Neue Gotteshäuser an den Rändern der preußischen Metropole
Anders als überkommene Geschichtsmythen glauben machen, bestand die enorm steigende Einwohnerzahl Berlins in den ersten Jahrzehnten der industriellen Revolution im 19. Jahrhundert nicht nur aus revolutionswütigen Arbeitern, die Gott entsagt hatten. Im Gegenteil. Die Kirchen Berlins platzten aus allen Nähten. Von der Georgenkirchgemeinde am Alexanderplatz trennten sich gleich drei neue Gemeinden mit Kirchenneubauten ab. Fast zeitgleich wuchsen am östlichen Rand Berlins die Andreaskirche am Stralauer Platz und die Bartholomäuskirche am Königstor empor, während auf dem Gelände des alten Georgenkirchfriedhofs an der Weberstraße 54/55 in der Nähe des heutigen Strausberger Platzes die Markus-Kirche entstand.
König Friedrich Wilhelm IV. ließ den Entwurf des Baumeisters Gotthilf Ludwig Runge durch Stüler überarbeiten. Am 18. Oktober 1848 – in Berlin herrschte Belagerungszustand – wurde anlässlich des Geburtstags des Königs die feierliche Grundsteinlegung begangen. Drei Wochen später erhielt Preußen seine erste Verfassung, doch eine andere, als die Revolutionäre erhofft hatten. Besser als gar keine Verfassung – sagten Genügsamere.

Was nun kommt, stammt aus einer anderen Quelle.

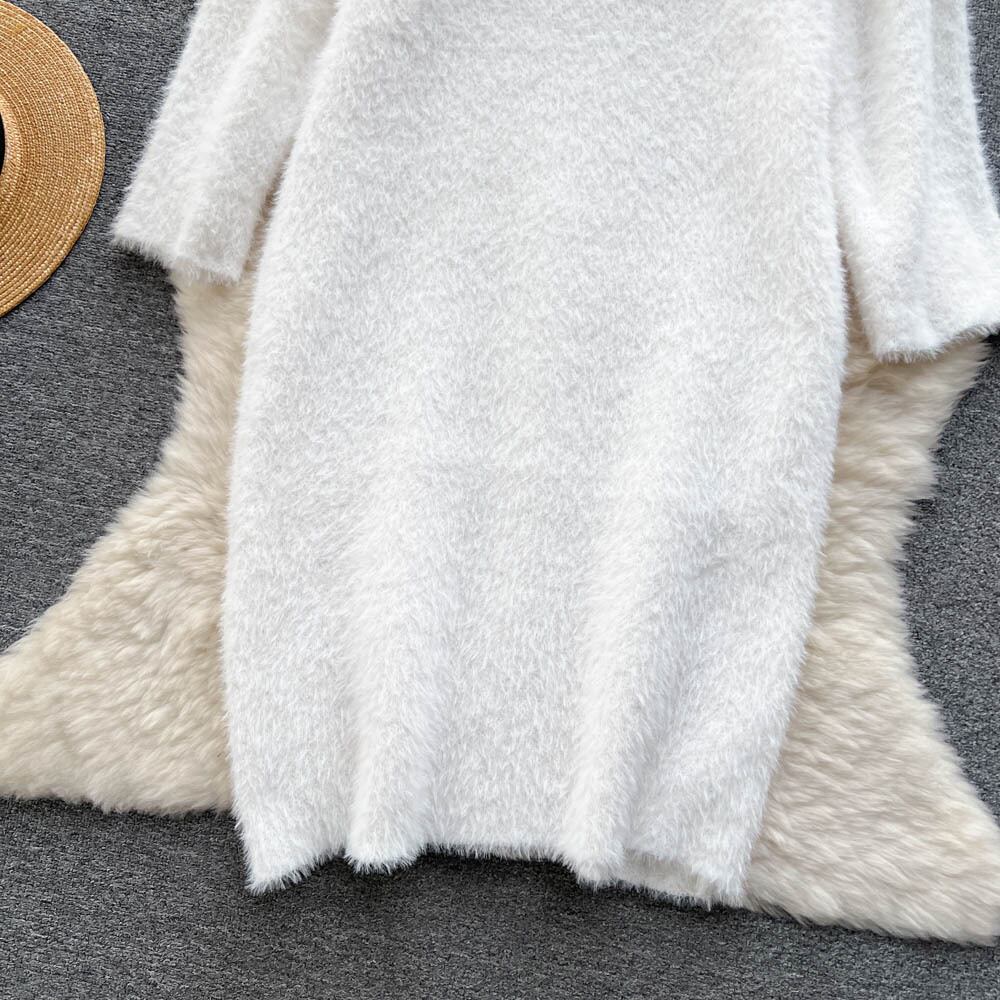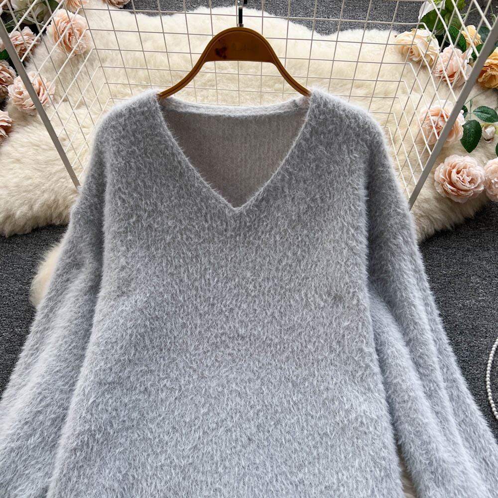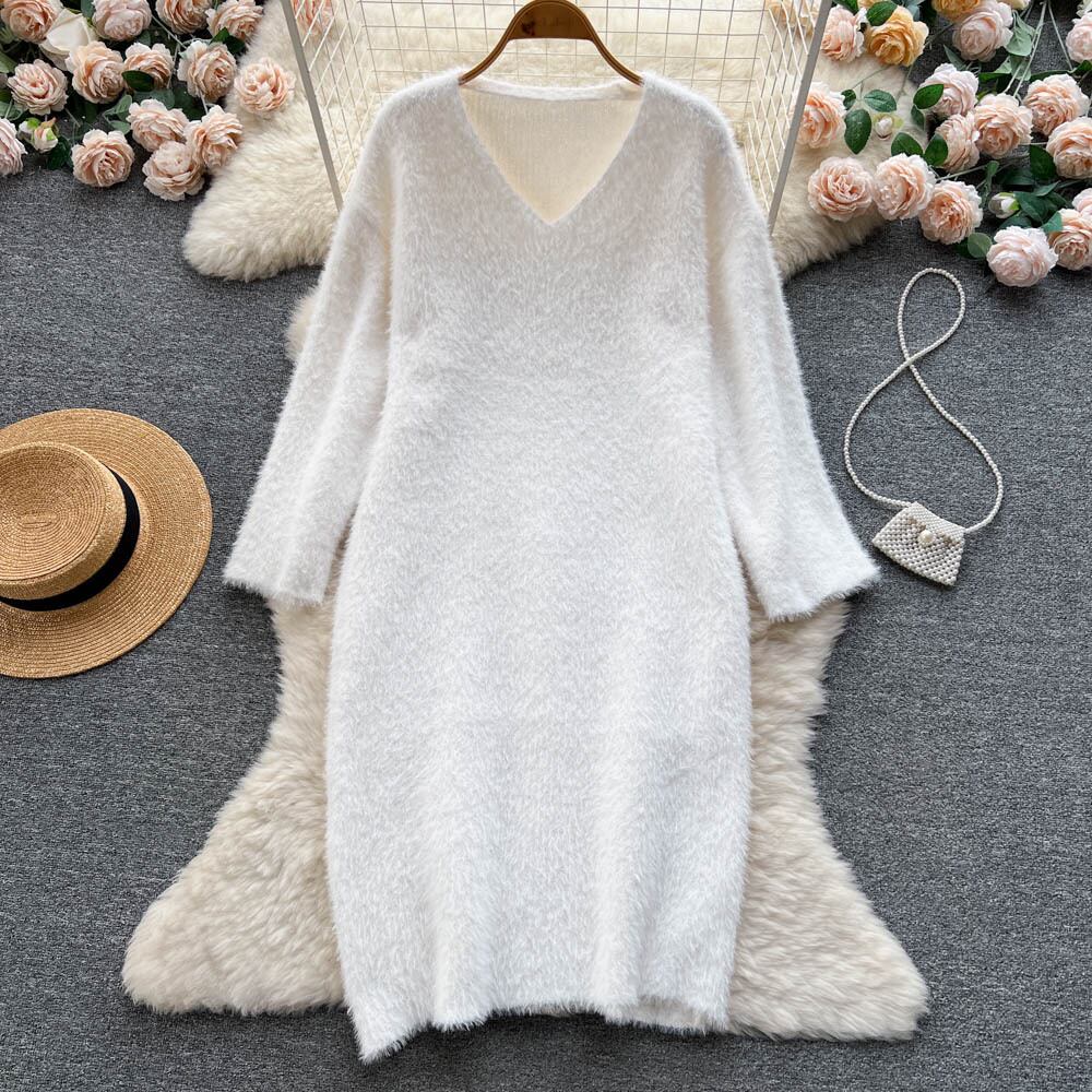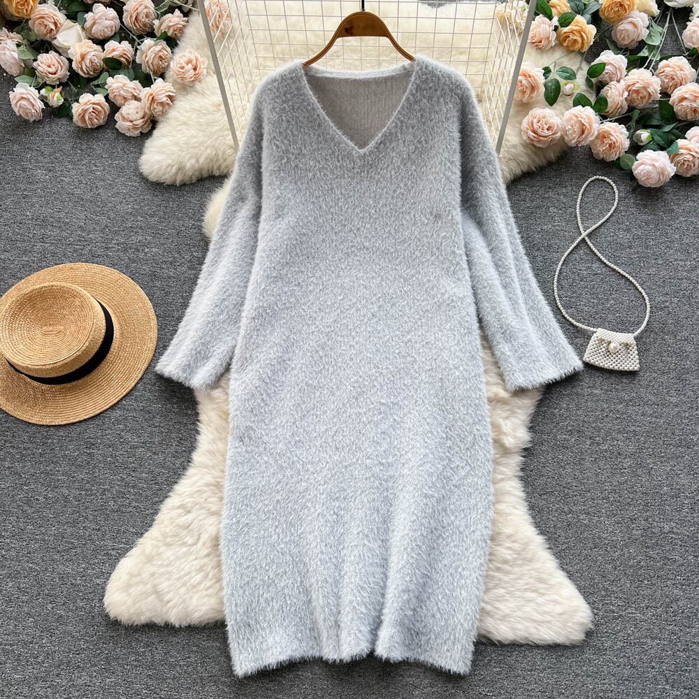 ソフトワックスセータードレス女性の秋と冬のミッドレングスのゆったりとした怠惰な膝ニットドレス膝上Vネックボトム オータム 秋物 ウィンター 冬物 lyxaj90169581793

Schon ein Jahr später, im Dezember 1849 wurde das Dach der Kirche gedeckt. Der Innenraum hatte eine damals sagenhafte Höhe von 48 Metern. Doch die Fertigstellung brauchte noch bis ins Jahr 1855, weil das Geld ausgegangen war. Es entstand ein achteckiger neoromanischer Backsteinbau in byzantinischem Stil, dem auf Wunsch der Gemeinde ein 60 Meter hoher, sich an die Form des Florentiner Doms anlehnender Glockenturm beigefügt wurde. Durch das Tor in diesen Turm betrat man das Gotteshaus. Ganze 134.000 Taler kostete der Bau insgesamt, wovon die Stadt 69.000 Taler bestritt. „Nicht als Monumentalbau einer Residenzstadt hergestellt“, maulte ein halbes Jahrhundert später ein städtischer Publizist, doch immerhin ist das Bauwerk anders als gegenwärtige wirklich auch vollendet worden! Das Gebäude fasste ganze 1.800 Besucher. Die Malereien und der Altar aus Alabaster wurden in Reiseführern angepriesen, ebenso die gute Akustik.